How to find the size of the L1 cache line size with IO timing measurements?
1 2 3 | for (i = 0; i < steps; i++) { arr[(i * 4) & lengthMod]++; } |
1 2 3 4 5 6 7 8 9 10 11 | // repeatedly access/modify data, varying the STRIDE for (int s = 4; s <= MAX_STRIDE/sizeof(int); s*=2) { start = wall_clock_time(); for (unsigned int k = 0; k < REPS; k++) { data[(k * s) & lengthMod]++; } end = wall_clock_time(); timeTaken = ((float)(end - start))/1000000000; printf("%d, %1.2f ", s * sizeof(int), timeTaken); } |
The idea underlying our calibrator tool is to have a micro benchmark whose performance only depends
on the frequency of cache misses that occur. Our calibrator is a simple C program, mainly a small loop
that executes a million memory reads. By changing the stride (i.e., the offset between two subsequent
memory accesses) and the size of the memory area, we force varying cache miss rates.In principle, the occurance of cache misses is determined by the array size. Array sizes that fit into
the L1 cache do not generate any cache misses once the data is loaded into the cache. Analogously,
arrays that exceed the L1 cache size but still fit into L2, will cause L1 misses but no L2 misses.
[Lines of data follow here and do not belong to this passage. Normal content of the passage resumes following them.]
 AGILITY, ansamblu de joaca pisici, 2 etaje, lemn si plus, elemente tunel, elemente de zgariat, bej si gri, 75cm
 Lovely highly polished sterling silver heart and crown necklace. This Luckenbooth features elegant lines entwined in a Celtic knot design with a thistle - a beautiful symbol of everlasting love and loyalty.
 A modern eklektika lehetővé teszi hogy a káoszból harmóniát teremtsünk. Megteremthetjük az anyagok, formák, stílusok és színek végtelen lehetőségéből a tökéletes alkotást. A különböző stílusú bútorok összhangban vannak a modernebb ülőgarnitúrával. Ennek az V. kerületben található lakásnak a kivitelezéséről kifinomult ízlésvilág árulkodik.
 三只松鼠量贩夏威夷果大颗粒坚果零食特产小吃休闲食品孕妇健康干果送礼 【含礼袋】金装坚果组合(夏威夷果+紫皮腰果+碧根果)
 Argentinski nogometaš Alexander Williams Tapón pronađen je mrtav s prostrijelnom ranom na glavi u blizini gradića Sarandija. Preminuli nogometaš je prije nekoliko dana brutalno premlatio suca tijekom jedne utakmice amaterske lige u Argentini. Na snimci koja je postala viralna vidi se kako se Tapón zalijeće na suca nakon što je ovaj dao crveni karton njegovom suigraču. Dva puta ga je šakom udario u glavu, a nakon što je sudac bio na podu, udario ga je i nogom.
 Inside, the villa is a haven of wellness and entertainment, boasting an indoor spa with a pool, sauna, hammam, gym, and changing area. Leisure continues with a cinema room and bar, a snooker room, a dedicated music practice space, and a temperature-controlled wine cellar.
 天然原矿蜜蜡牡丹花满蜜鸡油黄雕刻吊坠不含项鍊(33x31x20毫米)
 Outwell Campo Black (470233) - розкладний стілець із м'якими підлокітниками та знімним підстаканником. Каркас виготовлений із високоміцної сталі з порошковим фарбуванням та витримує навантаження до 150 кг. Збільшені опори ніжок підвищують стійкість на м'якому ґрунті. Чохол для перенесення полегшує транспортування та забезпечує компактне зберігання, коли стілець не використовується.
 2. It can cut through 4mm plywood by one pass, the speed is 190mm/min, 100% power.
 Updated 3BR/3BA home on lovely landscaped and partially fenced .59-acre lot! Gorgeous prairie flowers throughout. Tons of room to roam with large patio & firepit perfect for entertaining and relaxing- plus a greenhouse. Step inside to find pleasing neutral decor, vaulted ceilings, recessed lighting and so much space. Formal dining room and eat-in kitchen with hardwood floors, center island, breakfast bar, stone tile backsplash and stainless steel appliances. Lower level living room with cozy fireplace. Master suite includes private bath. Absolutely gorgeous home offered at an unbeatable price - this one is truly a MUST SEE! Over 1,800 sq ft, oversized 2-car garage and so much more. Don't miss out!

Finally,
arrays larger than L2 cause both L1 and L2 misses.The frequency of cache misses depends on the access stride and the cache line size. With strides
equal to or larger than the cache line size, a cache miss occurs with every iteration. With strides
smaller than the cache line size, a cache miss occurs only every n iterations (on average), where n is
the ratio cache
size/stride.Thus, we can calculate the latency for a cache miss by comparing the execution time without
misses to the execution time with exactly one miss per iteration. This approach only works, if
memory accesses are executed purely sequential, i.e., we have to ensure that neither two or more load
instructions nor memory access and pure CPU work can overlap. We use a simple pointer chasing
mechanism to achieve this: the memory area we access is initialized such that each load returns the
address for the subsequent load in the next iteration. Thus, super-scalar CPUs cannot benefit from
their ability to hide memory access latency by speculative execution.To measure the cache characteristics, we run our experiment several times, varying the stride and
the array size. We make sure that the stride varies at least between 4 bytes and twice the maximal
expected cache line size, and that the array size varies from half the minimal expected cache size to
at least ten times the maximal expected cache size.< /块引用>
#include"math.h" 进行注释,以便编译它,然后它找到了我笔记本电脑的缓存值。我也无法查看生成的PostScript文件。您可以在汇编程序中使用
CPUID 函数,尽管它不可移植,但它会提供您想要的东西。For Intel Microprocessors, the Cache Line Size can be calculated by multiplying bh by 8 after calling cpuid function 0x1.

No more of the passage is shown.